[Data shown — start]

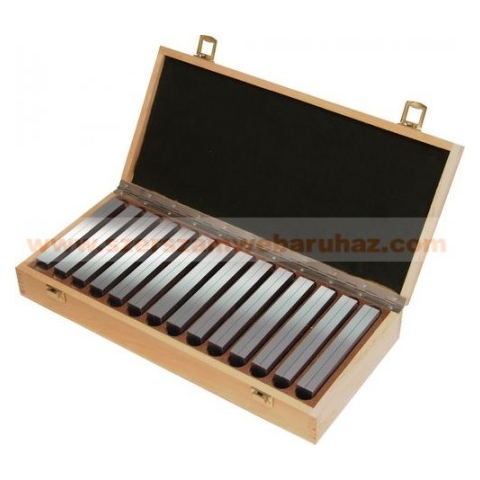 Edzett és köszörült acél párhuzamhasábok műhelymunkákra. Párban kerül forgalomba. Megmunkálás előtti szintezéséhez vagy gépműhelyekben. Keménység: HRC:58 - 62. Pontosság: ±0.005mm. 28 darabos készlet Tartalma: 1-1 pár az alábbi méretekből: 14 x 4 x 150
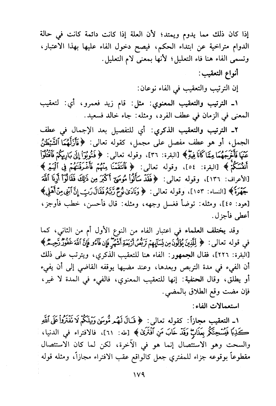 ٢ - الترتيب والتعقيب الذكري: أي للتفصيل بعد الإجمال في عطف الجمل، أو هو عطف، مفصل على مجمل، كقوله تعالى: {فَأَزَلَّهُمَا الشَّيْطَانُ عَنْهَا فَأَخْرَجَهُمَا مِمَّا كَانَا فِيهِ} [البقرة: ٣٦]، وقوله تعالى: {فَتُوبُوا إِلَى بَارِئِكُمْ فَاقْتُلُوا أَنْفُسَكُمْ} [البقرة: ١٤]، وقوله تعالى: {فَانْتَقَمْنَا مِنْهُمْ فَأَغْرَقْنَاهُمْ فِي الْيَمِّ} [الأعراف: ١٣٦]، وقوله تعالى: {فَقَدْ سَأَلُوا مُوسَى أَكْبَرَ مِنْ ذَلِكَ فَقَالُوا أَرِنَا اللَّهَ جَهْرَةً} [النساء: ١٥٣]، وقوله تعالى: {وَنَادَى نُوحٌ رَبَّهُ فَقَالَ رَبِّ إِنَّ ابْنِي مِنْ أَهْلِي} [هود: ٤٥]، ومثله: توضأ فغسل وجهه، ومثله: قال فأحسن، خطب فأوجز، أعطى فأجزل.
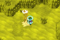 Scoop (スコップ, Scoop) is a Venus Utility Psynergy in Golden Sun: The Lost Age that allows the player to "Dig in soft ground" to discover what might be hidden under the dirt. It is granted to an Adept equipped with the Scoop Gem item that is earned at Yampi Desert after defeating the King Scorpion boss. Scoop is required to beat the game and costs 1 PP to use. It can be used on circular distortions in the sand to try and find valuable items. It can also be used in the Gondowan Cliffs on cracks in the ground to allow geysers to shoot up out of the ground. It can be used on dirt, sand, and snow.

[Data shown — finish]

• **Task item**
Give back the material above exactly as it appears, minus the pictures.

• **Expected answer**
 Edzett és köszörült acél párhuzamhasábok műhelymunkákra. Párban kerül forgalomba. Megmunkálás előtti szintezéséhez vagy gépműhelyekben. Keménység: HRC:58 - 62. Pontosság: ±0.005mm. 28 darabos készlet Tartalma: 1-1 pár az alábbi méretekből: 14 x 4 x 150
 ٢ - الترتيب والتعقيب الذكري: أي للتفصيل بعد الإجمال في عطف الجمل، أو هو عطف، مفصل على مجمل، كقوله تعالى: {فَأَزَلَّهُمَا الشَّيْطَانُ عَنْهَا فَأَخْرَجَهُمَا مِمَّا كَانَا فِيهِ} [البقرة: ٣٦]، وقوله تعالى: {فَتُوبُوا إِلَى بَارِئِكُمْ فَاقْتُلُوا أَنْفُسَكُمْ} [البقرة: ١٤]، وقوله تعالى: {فَانْتَقَمْنَا مِنْهُمْ فَأَغْرَقْنَاهُمْ فِي الْيَمِّ} [الأعراف: ١٣٦]، وقوله تعالى: {فَقَدْ سَأَلُوا مُوسَى أَكْبَرَ مِنْ ذَلِكَ فَقَالُوا أَرِنَا اللَّهَ جَهْرَةً} [النساء: ١٥٣]، وقوله تعالى: {وَنَادَى نُوحٌ رَبَّهُ فَقَالَ رَبِّ إِنَّ ابْنِي مِنْ أَهْلِي} [هود: ٤٥]، ومثله: توضأ فغسل وجهه، ومثله: قال فأحسن، خطب فأوجز، أعطى فأجزل.
 Scoop (スコップ, Scoop) is a Venus Utility Psynergy in Golden Sun: The Lost Age that allows the player to "Dig in soft ground" to discover what might be hidden under the dirt. It is granted to an Adept equipped with the Scoop Gem item that is earned at Yampi Desert after defeating the King Scorpion boss. Scoop is required to beat the game and costs 1 PP to use. It can be used on circular distortions in the sand to try and find valuable items. It can also be used in the Gondowan Cliffs on cracks in the ground to allow geysers to shoot up out of the ground. It can be used on dirt, sand, and snow.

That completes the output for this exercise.